There is a mask that corrects most of these deficiencies. The N-95 mask is made of qualified materials and manufactured to a standard. These masks attenuate 95% of particles in the size range of 0.3 to 0.5 micrometers. However, they still require attention to fit to reduce gaps, and they are not guaranteed to halt very small aerosols the size of individual virions. A news article last summer in the Japanese newspaper, The Asahi Shimbun,[7] summarized measurements that researchers made on particle attenuation of cloth, gauze, and N-95 masks, supports what I have summarized here. Cloth and gauze masks have zero effectiveness; while N-95 masks perform to specification, but only if fitted and worn properly. And even then there is no guarantee they prevent the transmission of disease.

There is one more mechanical aspect to ponder. Often in a crisis people will offer what expertise they can – they recycle their expertise. Something I am doing here. Recently a number of researchers in the field of fluid dynamics have weighed in with measurements and simulations (as one would expect) using computational fluid dynamics (CFD). The AIP journal Physics of Fluids produced a special issue in October 2020 highlighting the physics of masks. One study uses CFD to model persons wearing masks inside and outside, in various conditions of air flow, to address ability of masks to attenuate aerosols ejected from a cough or a sneeze.[8] They state in conclusion…

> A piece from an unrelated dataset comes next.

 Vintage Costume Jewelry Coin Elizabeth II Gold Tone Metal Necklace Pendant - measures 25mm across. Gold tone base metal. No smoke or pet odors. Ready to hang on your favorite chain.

“… our results suggest that, while in indoor environments wearing a mask is very effective to protect others, in outdoor conditions with ambient wind flow present wearing a mask might be essential to protect ourselves from pathogen-carrying saliva particulates escaping from another mask wearing individual in the vicinity.”

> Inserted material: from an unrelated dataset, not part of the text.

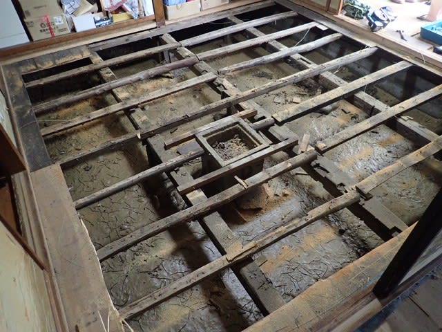 1軒目は床上浸水したお宅の床を剥いで、床下確認。延べで12畳分の床を剥いで泥の状況を確認。こちらのお宅は保険屋さんの現地確認を待つことになった。コードレス式の丸鋸が大活躍した。

This means, I presume, that masks are useful in a situation when all around are sick, and sneezing, wheezing, and coughing — in other words, in a Covid ward of a health care facility. What does “very effective” mean? If it means a very great attenuation of particles, greater than 95% say, then this still has to be interpreted in the light of findings that as few as 300 virions can lead to disease.[9] However, one would think that if coughing and sneezing are the issue, then covering a cough or sneeze should do as well, or perhaps even better when one considers the problem of ill-fit and aerosol escaping through gaps. My experience since March 2020 is that I never encounter anyone in public who are so sick that they are simply sneezing and coughing with abandon.

This computational fluid dynamics approach to determining the efficacy of masks resembles the equivalent modeling approach to climate change. They imply that models define reality when, in fact, it should be that observations and measurements do. There is no means to turn CFD models into clinical outcomes.

In summary, there are mechanical reasons to suppose that masks could reduce the spread of virus in some settings, but none appear pertinent to the materials used to construct masks, or to the ways the public wear them in about 98% of situations. Opposed to supposing that masks might work, or modeling how they might work, we can only learn what efficacy they have by making experiments or observations.

Experiments

The closest thing I have found to true experiments regarding masks are a small number of randomized clinical trials (RCTs). A surprisingly few RCTs involving masks and respirators have been done.[10] I will summarize only two of these. Of these one is pre-COVID-19 and not controversial, and the other is post COVID-19 and subject to controversy and censorship.

There are many respiratory diseases which circulate in the human population. The recent epidemics of MERS, SARS, Ebola and influenza provoked a search for effective non-pharmaceutical interventions. In one example, a group of doctors became interested in how well cloth masks performed for preventing infection in hospitals because such masks are in wide use in the developing world. This trial involved 1607 volunteers at 14 hospitals in Hanoi, Vietnam working in high-risk wards. There were three arms in this RTC: cloth masks, surgical masks, and a control arm of “standard practice” which involved some mask usage but at about one-half the compliance rate of the two treatment arms. The study took place over a four week period, and was to the authors’ knowledge, the first RCT involving cloth masks. Among their findings were that particle attenuation was virtually nil in the cloth masks (97% infiltration), and surprisingly poor in these particular medical masks (44% infiltration). The rate of infection in the cloth mask wearers was double that in the medical mask wearers; medical masks showed some effectiveness, but this contradicted earlier studies showing no efficacy to the medical masks.[11] The researchers conclude that cloth masks should not be advocated for health-care workers, at least until a much better design of such is produced.[12]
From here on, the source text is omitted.